(Saved data entries)
□ □ □ □ □

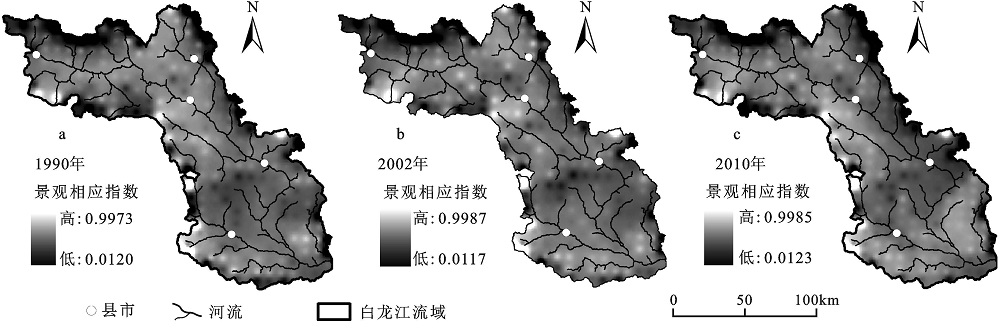 Fig.3 Landscape response distribution in Bailongjiang River watershed from 1990 to 2010
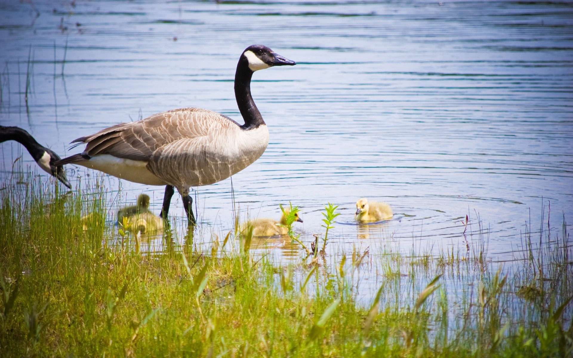 Duck with ducklings in the wild
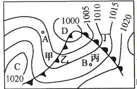 (3)冷锋为下图中的 ,暖锋为下图中的 ,假如冷、暖锋面均能引起降水,冷锋雨区在 侧四周,暖锋雨区在 侧四周(填“甲”、“乙”、“丙”或“丁”。
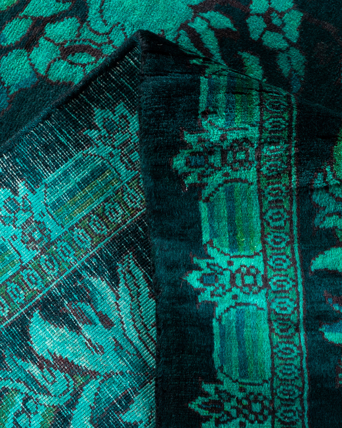 Overdyed rugs epitomize classic with a twist: traditional patterns overdyed in brilliant color. Each hand-knotted rug is washed in a 100%-natural botanical dye that reveals hidden nuances in the designs. These are rugs that transcend trends, and their sturdy construction ensures that they’ll withstand years of heavy traffic.
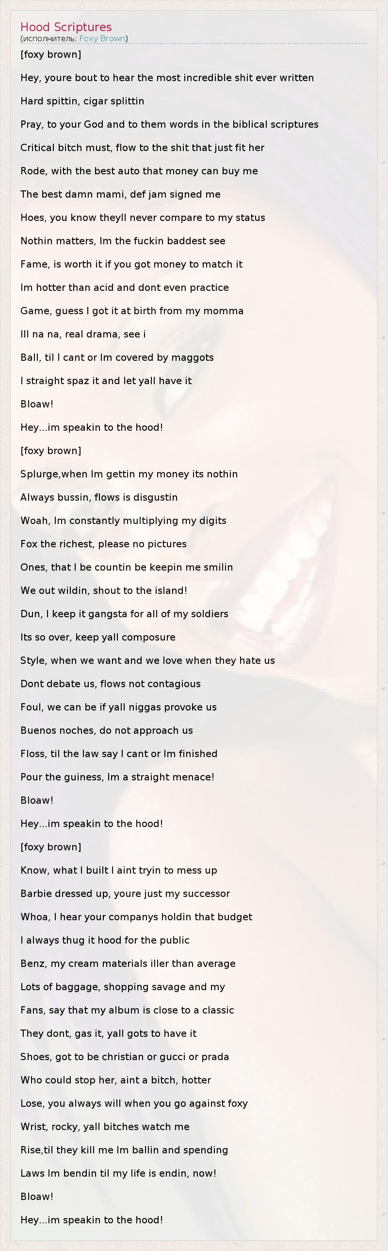 А как ты думаешь, о чем песня "Hood Scriptures" ?
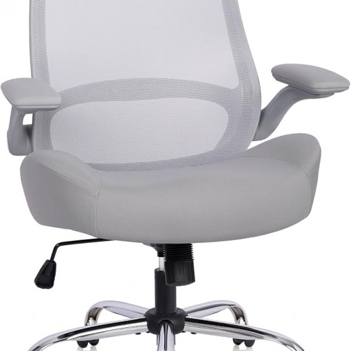 HYLONE Office Chair, 5″ Thickened Seat Ergonomic Desk Chair with Adjustable Armrests, Home Office Computer Chairs for Long Hours Mesh Executive Chair(White Base&Grey)
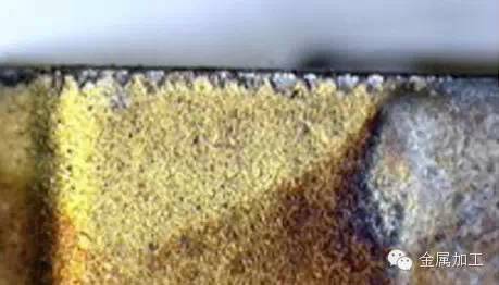 擴散磨損與磨料磨損共同作用造成了月牙洼。在加工基和鈦基合金時,工件切屑中的熱量會使硬質合金的成分溶解并擴散到切屑中,造成刀片頂部產生“月牙洼”。月牙洼最終會增大至足以使后刀面發生微崩、變形甚至可能導致快速的后刀面磨損。
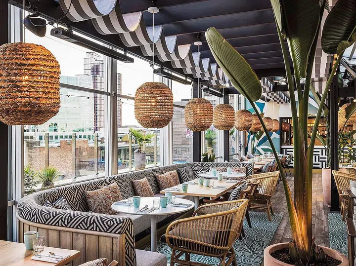 At Christina’s, the ground floor café bar, an arched copper bar and large hand-painted mural by artist Fred Coppin dominate the double-height space. These are accented by pendant light fittings designed as a reinterpretation of the gasoline lanterns that used to be London’s street lights.
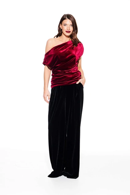 Элегантная блуза из мягкого бархата в насыщенном винном оттенке добавит изысканности вашему гардеробу. Изделие выполнено на трикотажной основе, что обеспечивает комфортное прилегание. Особенностью дизайна является асимметричный крой с акцентом на одно плечо и фигурной драпировкой на уровне груди, что придает образу нотку утонченности и современности. Вырез лодочкой элегантно обрамляет линию шеи, а сборки на левом плечевом и боковом швах добавляют объема и текучести силуэту. Блуза идеально смотрится в сочетании как с классическими брюками, так и с юбками, доходя до длины бедер для подчеркивания стройности фигуры.

□ □ □ □ □

▸ **Problem statement**:
Going by the data above, give back only the lines from the one containing "(3)冷锋为下图中的 ,暖锋为下图中的 ,假如冷、暖锋面均能引起降水,冷锋雨区在" through the one containing "А как ты думаешь, о", exactly as they stand, both ends included and no images.

▸ **Finished exercise**:
 (3)冷锋为下图中的 ,暖锋为下图中的 ,假如冷、暖锋面均能引起降水,冷锋雨区在 侧四周,暖锋雨区在 侧四周(填“甲”、“乙”、“丙”或“丁”。
 Overdyed rugs epitomize classic with a twist: traditional patterns overdyed in brilliant color. Each hand-knotted rug is washed in a 100%-natural botanical dye that reveals hidden nuances in the designs. These are rugs that transcend trends, and their sturdy construction ensures that they’ll withstand years of heavy traffic.
 А как ты думаешь, о чем песня "Hood Scriptures" ?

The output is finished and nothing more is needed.